In his despair, he immersed himself in research and came across the story of the Dung Beetle – an insect that has one purpose in life and that is to create a ball of dung by rolling it in a straight path, like a snowball, not caring what gets in its way.
When the dung beetle reaches its destination in “celebrates” with its mate.  Getting this dung ball to its spot is crucial for the beetle’s survival.  And nothing can get in its way. Strecher wrote about it in a graphic novel called “On Purpose” in which he stresses the importance of core values and mission, about having a clear purpose to guide your life.  He too talks about emphasizing the right values and contrasts self-transcending values vs. self-enhancing values.
He says,

Research shows that self-transcending values (what Brooks called eulogy values) are more likely to create well-being and greater willpower to change behavior than what we might call “self-enhancing values” (resume values). [ii]

Rabbi Abraham Twerski teaches “Lo nitna Torah eleh l’tzaref bah et ha’briyot – Torah was not given to humankind for any purpose other than to refine people.”  (Bereshit Rabba 44:1)  To help us live our best lives through Torah values.  To develop, our character. 
Judaism has always asserted that to live a meaningful life we have to realize that we have a transcendent purpose and that God has given each one of us a job to do and that we only have a finite amount of time in which to do it.   

A great way to access our purpose and discover our God given job is look backwards.  To see where we want to end up.   To write our own eulogy.

I have found it very hard to write my own eulogy. While I know it would be effective in pointing out where I am falling short and where I am on the right path, it is just too difficult and frankly, too creepy.  

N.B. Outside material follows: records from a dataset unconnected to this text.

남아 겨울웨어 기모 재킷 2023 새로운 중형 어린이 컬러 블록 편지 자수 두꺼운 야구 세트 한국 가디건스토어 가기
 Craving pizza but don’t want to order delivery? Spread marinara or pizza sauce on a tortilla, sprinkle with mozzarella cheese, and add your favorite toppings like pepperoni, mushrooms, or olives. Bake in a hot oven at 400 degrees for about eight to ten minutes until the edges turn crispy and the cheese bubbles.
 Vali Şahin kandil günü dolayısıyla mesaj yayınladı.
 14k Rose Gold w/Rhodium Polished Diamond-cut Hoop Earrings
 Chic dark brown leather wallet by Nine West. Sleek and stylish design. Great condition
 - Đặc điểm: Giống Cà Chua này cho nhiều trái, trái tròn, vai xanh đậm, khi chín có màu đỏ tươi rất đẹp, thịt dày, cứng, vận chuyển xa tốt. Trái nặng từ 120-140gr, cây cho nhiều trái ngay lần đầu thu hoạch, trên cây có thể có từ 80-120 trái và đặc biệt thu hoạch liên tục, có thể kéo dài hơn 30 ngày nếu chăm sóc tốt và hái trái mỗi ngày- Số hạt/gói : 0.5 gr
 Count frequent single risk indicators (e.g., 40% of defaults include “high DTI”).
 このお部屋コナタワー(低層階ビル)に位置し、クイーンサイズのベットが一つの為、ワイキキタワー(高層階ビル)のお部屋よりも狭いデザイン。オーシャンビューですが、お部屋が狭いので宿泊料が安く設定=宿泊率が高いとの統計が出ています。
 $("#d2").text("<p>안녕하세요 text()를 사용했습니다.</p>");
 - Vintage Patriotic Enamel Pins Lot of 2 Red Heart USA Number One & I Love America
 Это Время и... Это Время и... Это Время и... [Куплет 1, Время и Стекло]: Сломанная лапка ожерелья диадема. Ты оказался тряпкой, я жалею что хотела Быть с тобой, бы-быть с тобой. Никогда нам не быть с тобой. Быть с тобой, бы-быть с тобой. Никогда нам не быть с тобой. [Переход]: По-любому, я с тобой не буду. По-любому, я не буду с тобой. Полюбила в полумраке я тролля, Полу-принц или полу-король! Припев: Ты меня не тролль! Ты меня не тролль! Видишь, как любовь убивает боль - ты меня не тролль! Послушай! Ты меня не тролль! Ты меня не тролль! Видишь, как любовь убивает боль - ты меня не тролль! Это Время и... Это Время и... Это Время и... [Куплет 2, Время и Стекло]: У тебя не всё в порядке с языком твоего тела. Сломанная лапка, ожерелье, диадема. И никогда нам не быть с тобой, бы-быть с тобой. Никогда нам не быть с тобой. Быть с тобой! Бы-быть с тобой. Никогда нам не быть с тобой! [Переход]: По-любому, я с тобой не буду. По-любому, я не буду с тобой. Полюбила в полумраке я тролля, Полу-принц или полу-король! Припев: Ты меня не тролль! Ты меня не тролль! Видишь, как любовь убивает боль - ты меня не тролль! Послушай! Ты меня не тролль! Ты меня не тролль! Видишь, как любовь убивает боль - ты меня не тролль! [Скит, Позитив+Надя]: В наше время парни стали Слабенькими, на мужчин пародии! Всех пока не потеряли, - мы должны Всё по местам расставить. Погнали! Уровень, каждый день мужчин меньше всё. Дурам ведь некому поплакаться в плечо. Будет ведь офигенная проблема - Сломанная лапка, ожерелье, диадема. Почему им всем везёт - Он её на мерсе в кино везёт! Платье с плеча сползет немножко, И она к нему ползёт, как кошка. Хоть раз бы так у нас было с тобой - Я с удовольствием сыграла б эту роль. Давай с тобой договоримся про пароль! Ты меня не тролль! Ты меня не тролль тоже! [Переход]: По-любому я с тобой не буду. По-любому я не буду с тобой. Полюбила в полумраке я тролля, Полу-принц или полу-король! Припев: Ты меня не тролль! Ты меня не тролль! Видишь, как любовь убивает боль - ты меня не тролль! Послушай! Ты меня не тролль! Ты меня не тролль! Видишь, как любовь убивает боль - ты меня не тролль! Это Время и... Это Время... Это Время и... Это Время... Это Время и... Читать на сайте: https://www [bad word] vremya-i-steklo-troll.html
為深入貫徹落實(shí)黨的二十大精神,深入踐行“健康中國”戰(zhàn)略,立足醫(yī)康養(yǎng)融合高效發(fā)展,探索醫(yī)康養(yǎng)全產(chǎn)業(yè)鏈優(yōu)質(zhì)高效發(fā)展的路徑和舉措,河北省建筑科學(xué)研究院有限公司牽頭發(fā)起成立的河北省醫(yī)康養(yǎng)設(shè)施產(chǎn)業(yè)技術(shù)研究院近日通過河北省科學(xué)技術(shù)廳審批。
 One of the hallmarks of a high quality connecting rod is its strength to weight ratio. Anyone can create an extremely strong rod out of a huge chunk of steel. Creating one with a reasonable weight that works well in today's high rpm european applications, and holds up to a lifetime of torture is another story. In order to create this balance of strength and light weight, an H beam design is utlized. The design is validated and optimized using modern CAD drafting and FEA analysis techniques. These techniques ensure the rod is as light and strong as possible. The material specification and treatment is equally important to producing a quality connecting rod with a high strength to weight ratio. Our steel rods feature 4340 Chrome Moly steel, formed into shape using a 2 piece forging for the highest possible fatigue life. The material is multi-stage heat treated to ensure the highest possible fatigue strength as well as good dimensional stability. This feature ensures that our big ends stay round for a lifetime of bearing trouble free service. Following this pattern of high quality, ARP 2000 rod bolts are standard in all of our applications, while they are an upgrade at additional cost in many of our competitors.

So in searching for a way to help me clarify my eulogy values I remembered the Jewish practice of writing an ethical will.  Creating a document or a letter to be read after one’s death to family members.    In a legal will you bequeath money and worldly goods, in an ethical will you leave values and principals that you have found useful in your life.

My Grandfather, Justus, wrote several letters near the end of his life that passed on his acquired wisdom to us.  I love pulling them out and rereading them.  I don’t need them to remember what he taught me but I like hearing his teachings in his own words and seeing them in his own handwriting.

On his 89th birthday he writes:  “In discussing money, it is apparent in our civilization that this is a necessity for living, raising and educating a family and providing for old age.  However, it should not be an all-consuming obsession but rather should take its place in relative importance.  A person’s occupation should not be a chore engaged in solely for remuneration.  One should derive pleasure in his job with a feeling of accomplishment and pride.”  2/13/1999

I could have written this for him… it really speaks his truth as he lived his life as a doctor – until he died at age 94.

I asked you, members and friends of Temple Beth Torah, to write your Ethical Wills.  The response was great and I have learned so much from you over the past 30 days.  Sometimes I found myself nodding along and at other moments laughing aloud.  I enjoyed learning what motivates you and what you value the most and from whom you learned your values.

Well, it wouldn’t be fair of me to make you do all the work, so I’d like to share my Ethical Will with you. 

Dear Shira and Ari,

You have already acquired so many of the traits that I would wish for you.  You are honest and ethical.  You care about other people – ones you know personally and people of the world whom you can help.  I hope you will always work to balance your own needs with those of others.   Remember it is okay to be selfish, sometimes.  You need to take care of yourself.    At the same time balance your needs with those of people in your immediate world- family, friends and colleagues and with the world at large. 

Live in a way in which you do well, but also do good.

While living a purposeful life is important and keeping your big guiding principals in mind, is essential, I hope you’ll strive to balance between planning and being purpose driven with just living your life and letting things happen.   Finding the balance between being goal oriented and responding to the moment, trusting that you are prepared for whatever comes your way.  Knowing that your life is unfolding just the way it should be.  For me, that means, trusting in God.

In the period around the Holidays I am reminded that making the holidays special is worth the effort. I have to give credit here to Grandma and Pop-pop and Savta and Sabba – they have been the main cooks and bottle washers on many of these occasions.  But that is another lesson as well.  It is okay to ask for help when you need it.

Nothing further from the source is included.